I find this very interesting under the light of current debates around climate crisis and particularly rising sea levels in the anthropocene. Could the threat of flooding also instigate utopian ideas about a moral and evolutionary renewal of mankind in the sea?

Among the stories and books the essay quotes are: Jacques Cousteau with James Dugan: “The Living Sea” (1963), Paul Anderson: “Homo Aquaticus” (Amazing Stories, September 1963), Aleksandr Belayev: “The Amphibian” (1928), Kenneth Bulmer: “City under the Sea” (1957), D.D. Chapman and Deloris Lehman Tarzan: “Red Tide” (1975), and Arthur C. Clarke: “The Challenge of the Sea” (1960) and: “The Ghost of the Grand Banks and the Deep Range” (2001).
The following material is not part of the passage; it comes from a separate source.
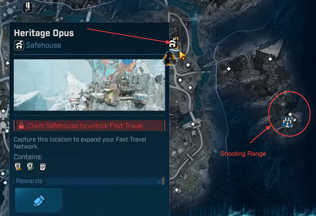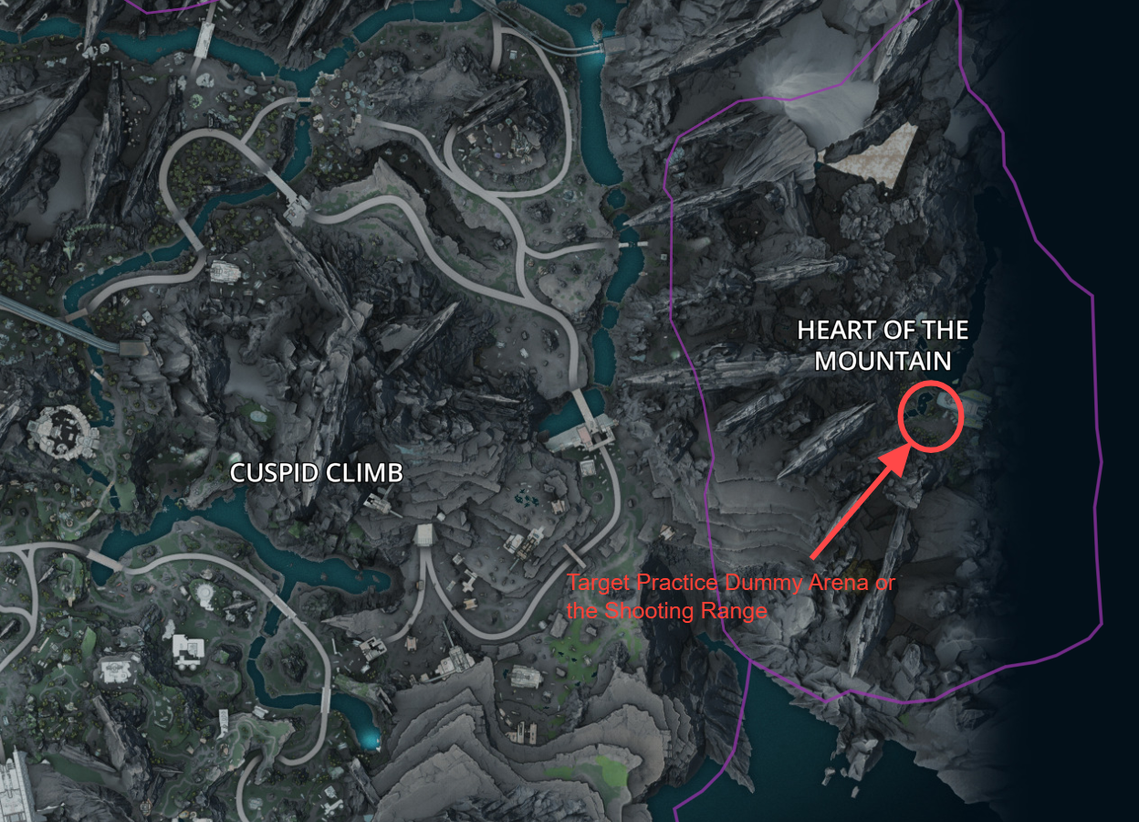 Once in Terminus Range, head toward the eastern side of the area (right side on the map) to locate the shooting range. Community reports say the shooting range is on that flank. You can get here during the "His Vile Sanctum" mission or after the "Shadow of the Mountain" mission.

Thanks to Lajos Talamonti for the lead.

Jeff Goodell: The Water Will Come

Lecture by US journalist Jeff Goodell on his book “The Water Will Come” with alot of examples and images around rising sea level and sinking cities. From 2019.

I find this to be one of the really useful and smart talks on the topic, very straight forward and without the usual vanity antics. I have taken the liberty of writing down Goodell’s bullet points that he uses to structure his talk:

Five truths about Sea Level Rise:

1. Storms and hurricanes are like roulette. Sea Level Rise is like gravity.

2. The water will come – the question only is how fast and how high.

3. Trouble begins long before a city becomes the new Atlantis (Opportunities too – I want to add!)

4. Billions of Dollars will be spent on adaptation and protection. A lot of it will not be well spent.

5. Opportunity often comes disguised as catastrophe.

In the end he also gives some very short and helpful advice, what needs to be done: “Remember, this is not an alien invasion.” “Make risk transparent for everyone.” And finally: “Retreat is not a dirty word.”

Why water?

Most ancient cultures share the idea of creation out of water. Be it a cosmic ocean, primordial waters or a more abstract idea of fluid, amorphous chaos. But why is that so? How come that so many creation myths that were formed long before any scientific knowledge about the role of water in biology or physics, agree on the central and fundamental role of water. This article by Morgan Smith gives an overview of the many traces of primordial waters and offers some explanation on the prominent role of water in ancient creation myths.

The egypt god Nun, god of the waters of chaos.